We had a small utility application which took in messages off the service bus and imported the data into ElasticSearch for querying. The task I was given, relatively fuzzy at that, was to improve the application. In doing so, it was expected that I would come up with some patterns and eventually some guidance for how to employ and properly utilize ElasticSearch in the future.

Consider this something of a case study of my thesis from my previous post on unit testing. If we set up things properly with unit testing in mind, we can focus our attention on classes which need to be tested and can avoid testing things which do not.

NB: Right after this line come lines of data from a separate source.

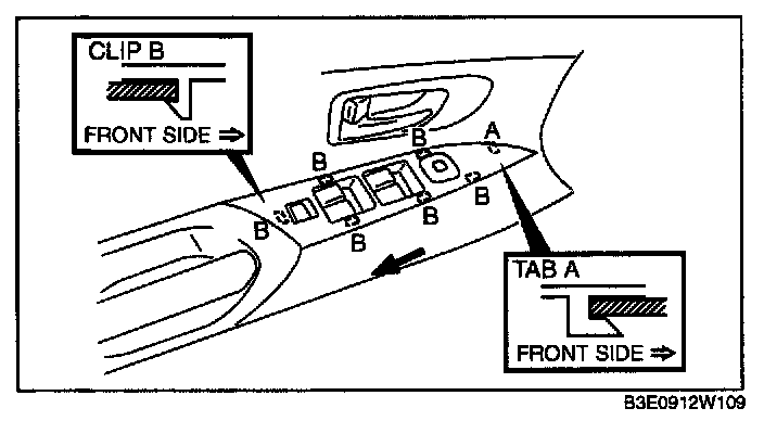 POWER WINDOW MAIN SWITCH REMOVAL/INSTALLATION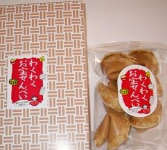 今日のおやつは、わくわくお宝せんべい新潟・(有)小林製菓所せんべいを割ると、紙に包まれたお宝が出てきます。「何が入っているかはお楽しみ!」と箱のだるまさんが言っています。お正月に、親戚が来るので、楽しそうなので購入しました。サイコロ・金の俵・おみくじ等。せんべい自体もサクサクして、味噌が入っているのには気がつかないのですが、卵せんべいのようで美味しいです。 お買い得情報 せんべい6袋\999(あと残り6個) 選べる本格手焼きあられ \3370 TV朝日「奥様鑑定団」で五つ星獲得!.....................................通常5ヶ月待ちのカフェ大福「みや太朗くん」など 楽天オークションで簡単に1円から入札できます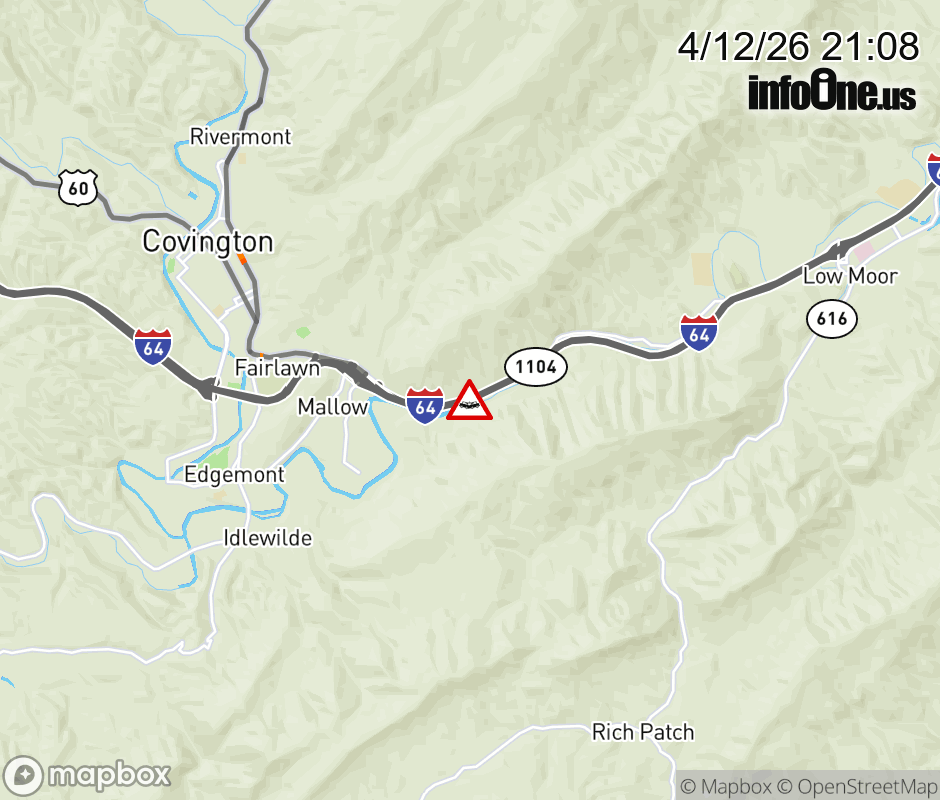 On I-64 at mile marker 17.7 in the County of Alleghany, motorists can expect delays due to a vehicle crash. The east right shoulder is closed. Updated: Sun 4/12/26 9:08 PM EDT ![]() |
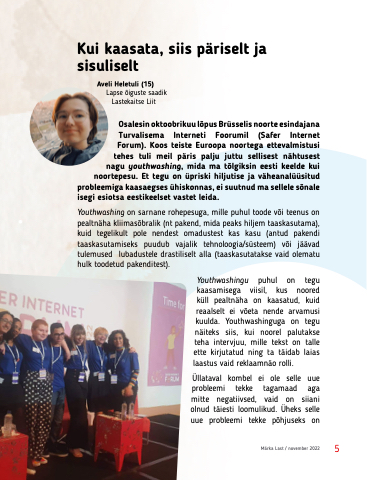 Turvalisema Interneti Foorumil (Safer Internet Forum). Koos teiste Euroopa noortega ettevalmistusi tehes tuli meil päris palju juttu sellisest nähtusest nagu youthwashing, mida ma tõlgiksin eesti keelde kui noortepesu. Et tegu on üpriski hiljutise ja väheanalüüsitud probleemiga kaasaegses ühiskonnas, ei suutnud ma sellele sõnale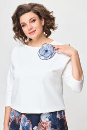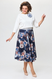 Джемпер, юбка T&N 7501 молочный+синие_цветы - фото 2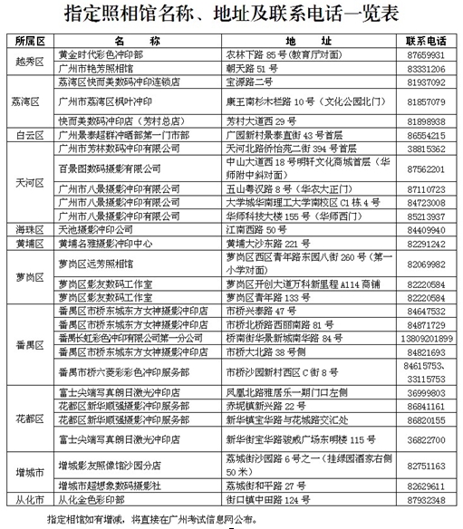 1. 考生網(wǎng)上填寫個人資料后,打印照相憑條到指定照相館(見附件2)照相,并由該照相館在24小時內(nèi)直接將相片上傳到報名系統(tǒng)中,或考生自行攜帶符合規(guī)格的相片(見附件3)電子版、報名表、身份證原件和復(fù)印件,到廣州市人事考試中心(地址:廣州市小北路266號北秀大廈8樓)核對后上傳相片。

The application was a classic ball of mud design. JSON was read off the service bus, Newtownsoft.Json was used to deserialize the JSON into a dynamic object. Several large methods searched for various fields on this object, massaged or moved them (for search/faceting purposes) and then the whole thing was dumped into ElasticSearch. All the important parts were implemented in basically three large, unruly classes. I can’t show any of the code here, but suffice it to say that this was the land that SOLID forgot.

Here’s a quick overview of the steps I used to start to transform this application into a reasonable one which we can apply tests to and start to make guarantees about.

  1. Use refactoring tools to clean the code without changing any behavior.
  2. Encapsulate calls to external resources into dedicated adaptor classes.
  3. Create a proper, strongly-typed Domain Model.
  4. Separate like concepts into dedicated utility classes.
  5. Create service layers to map incoming commands to methods on our Domain and Utilities.
  6. Add unit tests and integration tests.

Why Not Test First?

People familiar with TDD or who are very pro-testing might suggest that we write tests first so that we can know what the behavior is, so that when we make changes we have assurance that the behavior has not changed. The problem is that with a Big Ball of Mud system, there typically aren’t the kinds of abstraction boundaries or clean interface that make testing work correctly. You end up either locking the old, bad interfaces in place with premature unit tests or else you end up having to re-write your tests when you improve the interface. If the test is changing along with your code, there’s no real benefit to testing the old version of the code in the first place. That is, if the test is changing, you don’t have any assurance that the overall behavior of the system didn’t change. You’re better off just making your changes, doing some ad hoc manual testing to prove that things are the way you want them, and then adding your unit tests to prove the point.

Refactor

I use Resharper, but any refactoring tools will do. What we want to do in this first step is to clean the code making certain that we don’t change behavior. We want to make it easier to read and understand, because we can’t do anything else if we can’t understand it. Here are some examples of things you can do to improve the quality of code quickly with a refactoring tool and some simple editing:

  1. Invert conditionals to decrease nesting.
  2. Extract cohesive chunks of code into new methods with descriptive names.
  3. Rename existing methods, properties, fields and variables to more clearly describe what is happening.
  4. Remove dead code
  5. Remove misleading documentation (you can add good documentation, but getting rid of bad documentation is more important in my opinion).
  6. Add some comments. Bits of code which implement a single idea, but maybe aren’t big enough or cohesive enough to turn into a separate method can get a comment saying what is happening. These comments then form an outline or checklist of what the method needs to do.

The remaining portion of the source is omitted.